■ Material for the task
════════════════
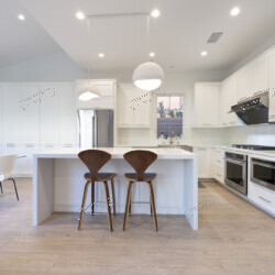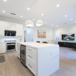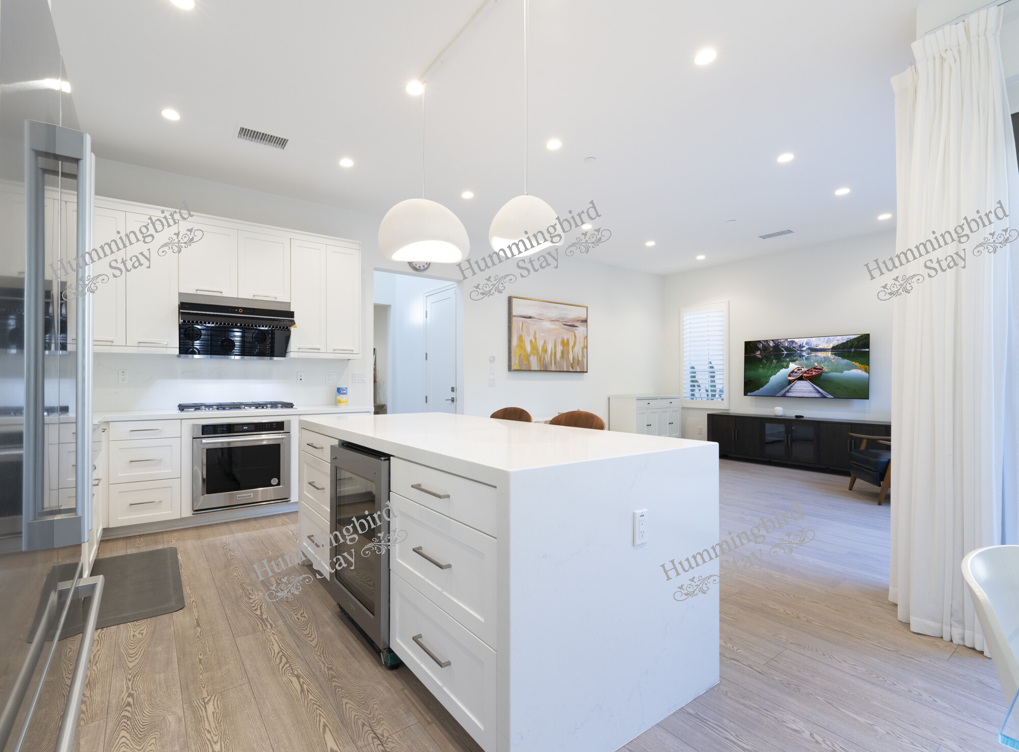 The heart of this home is a chef-ready kitchen with a large waterfall-edge white quartz island, two walnut Cherner-style counter stools, and a pair of white dome pendant lights overhead. The professional-grade appliance suite includes a 5-burner gas cooktop, KitchenAid wall oven and microwave drawer, stainless steel French-door refrigerator, and a built-in wine cooler tucked into the island. Full-height white Shaker cabinetry with brushed nickel hardware lines every wall, and the quartz countertops continue as a seamless backsplash — clean, durable, and refined.
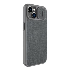 Back panel cover Nillkin Nillkin Qin Cloth Pro Case Case for iPhone 14 Plus Camera Cover Holster Cover Flip Case Gray
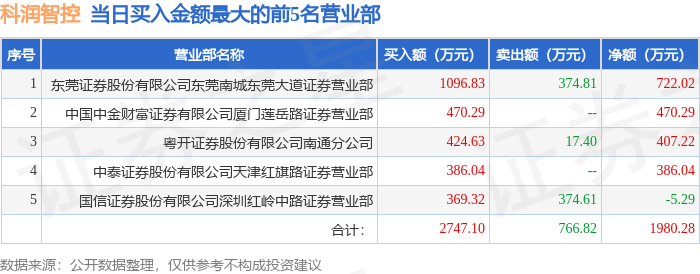 证券之星消息,沪深交易所2025年11月6日公布的交易公开信息显示,科润智控(920062)因当日换手率达到20%的前5只股票登上龙虎榜。此次是近5个交易日内第2次上榜。
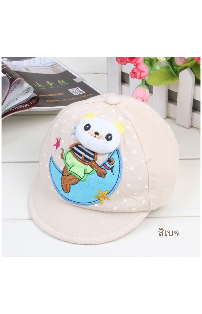 หมวกแก๊ปเด็กเนื้อผ้าฝ้ายแต่งรูปหมีและพระจันทร์ ด้านหลังเป็นยางยืด รอบหมวก 42 ซม. สำหรับเด็กอายุประมาณ 1-5 เดือน ใส่ได้ทั้งเด็กชายและเด็กหญิง
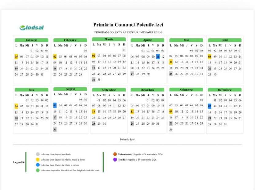 Primăria Comunei Poienile Izei, în colaborare cu operatorul Glodsal, a făcut public programul de colectare selectivă a deșeurilor menajere pentru anul 2026. Calendarul detaliat, care acoperă toate tipurile de deșeuri reciclabile și reziduale, este disponibil acum pentru cetățeni.
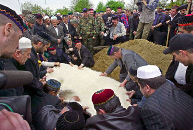 據(jù)報(bào)道,葬禮在卡德羅夫的故鄉(xiāng)車臣庫爾恰洛耶夫區(qū)岑托拉亞村舉行,北高加索一些地區(qū)的領(lǐng)導(dǎo)人和數(shù)千名車臣居民當(dāng)天自發(fā)前往參加葬禮。一大清早,格羅茲尼和車臣其它地區(qū)的居民乘坐數(shù)百輛小汽車和公共汽車前往卡德羅夫的故鄉(xiāng),同卡德羅夫作最后告別。在同一天遭遇爆炸身亡的其他人士的葬禮也將在各自的家鄉(xiāng)舉行。其中包括車臣國務(wù)委員會腦庫塞·伊薩耶夫。
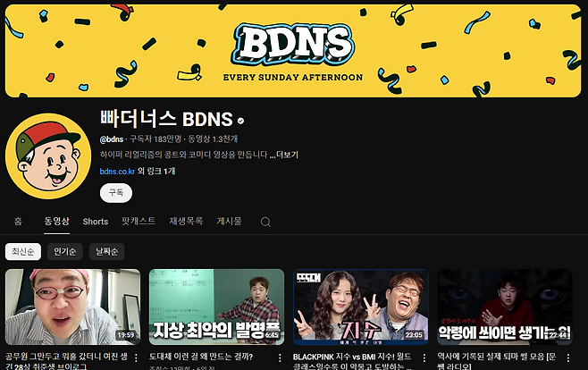 이미지 = 유튜브 ‘빠더너스 BDNS’ 채널 메인 화면 캡처 (https://www.youtube.com/@bdns/videos)
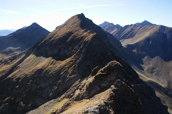 | Über einige leichte, aber teilweise ausgesetzte Turnereien am Nordgrat - und kurz in die steile Westflanke ausweichend - erreichen wir den "ungeschmückten" Gipfel des Opferstocks. Laut Alpenvereinsführer "Niedere Tauern" von Peter Holl soll von hier die Gamskarspitze (oberhalb der Bildmitte) durchwegs über Gehgelände entlang des unschwierigen Gras- und Schuttgrates erreichbar sein. Eine Einstufung, der ich nicht zustimmen kann. |
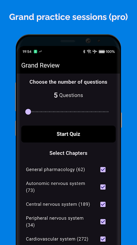 - جلسات التدريب الكبرى: اختر عدد الأسئلة واختبر معلوماتك في علم الصيدلة بأكمله
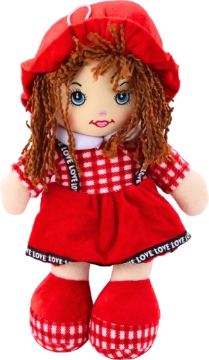 Ova nježna šivana lutka u crvenoj haljini s finim kariranim uzorkom razveselit će svako dijete. Zahvaljujući mekom punjenju i tekstilnom tijelu sigurna je već od najranije dobi. Vezeni detalji lica, pletena kosica te usklađeni šeširić i cipelice daju lutki poseban šarm i prijateljski izraz.
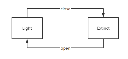 事件则是会导致状态发生变化的一个动作,在上面的图中,open和close就是事件,分别表示打开和关闭开关。
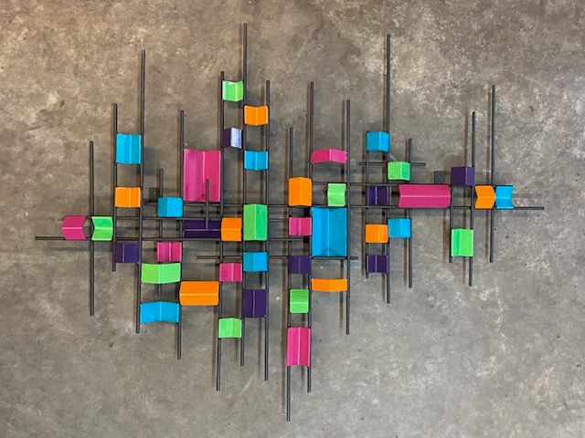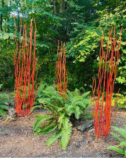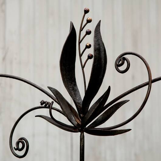 I have been working with metal for 25 yrs, bringing my background in pastel painting, textile print design and graphic design into sculptural form. My inspiration is “rooted” in nature. Seedpods, insect bodies, color, texture, design and even scents all transport me into an imaginary world. It’s very exciting to forge cold hard steel into fluid organic shapes; bringing my ideas to fruition. My garden sculptures are of ficticious plant species that often ingage your imagination! All are intended for outdoor, year round enjoyment.
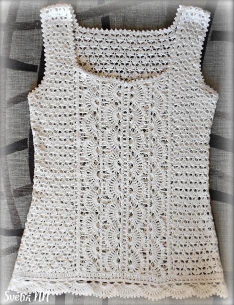 В процессе вязания ,эта центральная вставка у меня удлинилась до 39 см, т.е. на 3 см выросла. Поэтому думаю если хочется покороче маечку можно убрать из рисунка 1-2 секции (раппорта). Здесь 1-2 арочки. Или взять нитки потоньше.
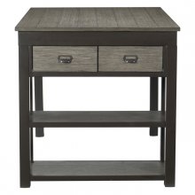 Inspired by industrial environments, the Elias Collection presents a functional modern aesthetic to your casual dining space. Acacia veneer features a gray finish that is perfectly contrasted by the gunmetal black finished wood framing that provides support. The table features a bookcase side support which features open display as well as drawer storage allowing for easy access to your table top items. Seating comes in the form of an available counter height bench and barstools – each with gray fabric-covered padded seats.
════════════════
■ What you need to do
Please output the lines above beginning at the line with "I have been" and ending after the line with "В процессе вязания", precisely as written and with no pictures.

■ Response to this exercise
 I have been working with metal for 25 yrs, bringing my background in pastel painting, textile print design and graphic design into sculptural form. My inspiration is “rooted” in nature. Seedpods, insect bodies, color, texture, design and even scents all transport me into an imaginary world. It’s very exciting to forge cold hard steel into fluid organic shapes; bringing my ideas to fruition. My garden sculptures are of ficticious plant species that often ingage your imagination! All are intended for outdoor, year round enjoyment.
 В процессе вязания ,эта центральная вставка у меня удлинилась до 39 см, т.е. на 3 см выросла. Поэтому думаю если хочется покороче маечку можно убрать из рисунка 1-2 секции (раппорта). Здесь 1-2 арочки. Или взять нитки потоньше.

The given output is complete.